Outside of primates and rodents, LILR orthologs are variably and independently expanded, and the cell types that express them and their ligand specificities remain unknown. Cattle (Bos taurus), for example, have a highly expanded repertoire of approximately 26 LILR genes (Hogan et al. 2012), while the goat (Capra hircus) has nine (Bickhart et al. 2017). Pigs (Sus scrofa) appear to possess a very limited repertoire of potential NK cell receptors. These include a minimal set of KLR genes in the NK complex on chromosome 5 (Schwartz et al. 2017), a single KIR2DL1, and three described LILR genes in the LRC of questionable function based on sequence alone (Guethlein et al. 2015; Sambrook et al. 2006). However, the previous characterization of the porcine LRC utilized BAC clones that only covered 273 kb and did not extend beyond the third intact LILR gene. The porcine reference assembly, Sscrofa10.2, was later used to identify immune genes across the genome, but this analysis also found a lack of potential NK cell receptors (Dawson et al. 2013). Although species with limited KIR and KLR diversity have been described before, including in species with diverse MHC class I gene content (Hammond et al. 2009, 2012), without a complete map of the LRC, it is impossible to determine the entirety of the pig NK cell receptor repertoire.
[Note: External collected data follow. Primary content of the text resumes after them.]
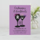 Os convites para na moda definem o tom para uma fantasia de Halloween adulta e festa de cocktail! O convite apresenta vinho negro e óculos martini com ossos brancos crânio-e-cruzados e designs de estêncil jack o'lantern, cheios de misturas tóxicas, e acentuados com detalhes assustadores de cobra, aranha e teia aranha. A cor de fundo roxa pode ser personalizada. A parte traseira da placa apresenta um padrão moderno de faixas diagonais preto e branco.
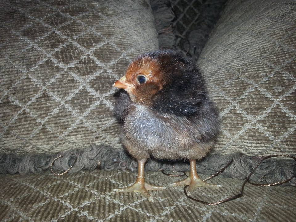 The little RIR who is right in front of the picture was the third chick born and he has earned the name Cheeky Chops.
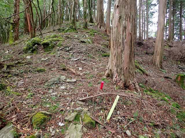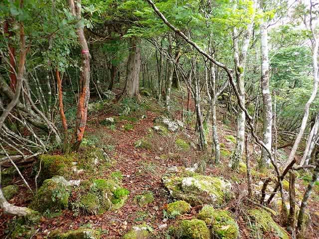 行くと突き当りの様になり、赤テープを目印に左に回り込み少し分かりづらい尾根を下
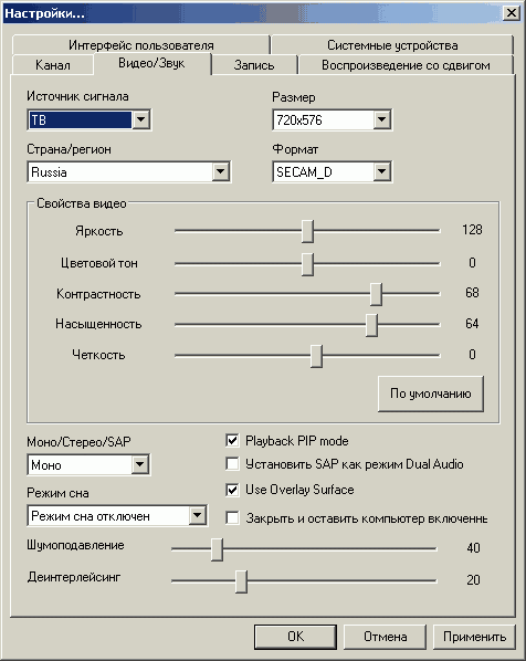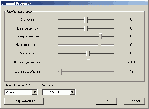 В список индивидуальных настроек для каждого канала входят яркость, цветность, контрастность, насыщенность, чёткость, стандарт цветности, шумоподавление и деинтерлейсинг. Ползунок, регулирующий степень шумоподавления, отвечает за работу программного алгоритма. Несмотря на большой доступный диапазон, индивидуальная настройка деинтерлейсинга позволяет заметить отличия лишь между двумя режимами — работающим деинтерлейсингом и его отключением.

The Sscrofa10.2 assembly relied on relatively short reads (Groenen et al. 2012), which complicate the assembly of repetitive regions such as the LRC (Bickhart et al. 2017; Sanderson et al. 2014). Recently, however, the genome assembly was updated to Sscrofa11.1 using sequence from the same individual, but generated using long-read single molecule real-time sequencing technology (Pacific Biosciences). This strategy promises more accurate and complete assemblies of polymorphic and repetitive gene complexes as recently demonstrated for the goat (Bickhart et al. 2017). We therefore presently describe the LRC gene content in the latest assembly, which includes substantially expanded LILR gene content and a gene encoding a novel Ig-like receptor. We additionally describe the expression of these genes in porcine peripheral blood.

Methods

Genomic sequences

The new long-read assembly (Sscrofa11.1) for chromosome 6 was acquired from GenBank (accession no.: CM000817.5). As new assembly was generated using material from the same Duroc sow that was used for the previous assembly, Sscrofa10.2 (Groenen et al. 2012), we sought to compare the two. We therefore acquired the LRC region in Sscrofa10.2 (chromosome 6; 53,155,807–53,837,252) from the Ensembl Genome Browser (Cunningham et al. 2015). As our analyses identified novel genes in the porcine LRC, we sought additional contiguous sequences that included both the NLRP2 and NLRP7 genes. In the pig, this included the BAC clone PigE-173F2 (GenBank: CR853303.6) which was previously sequenced and described by Sambrook et al. (2006).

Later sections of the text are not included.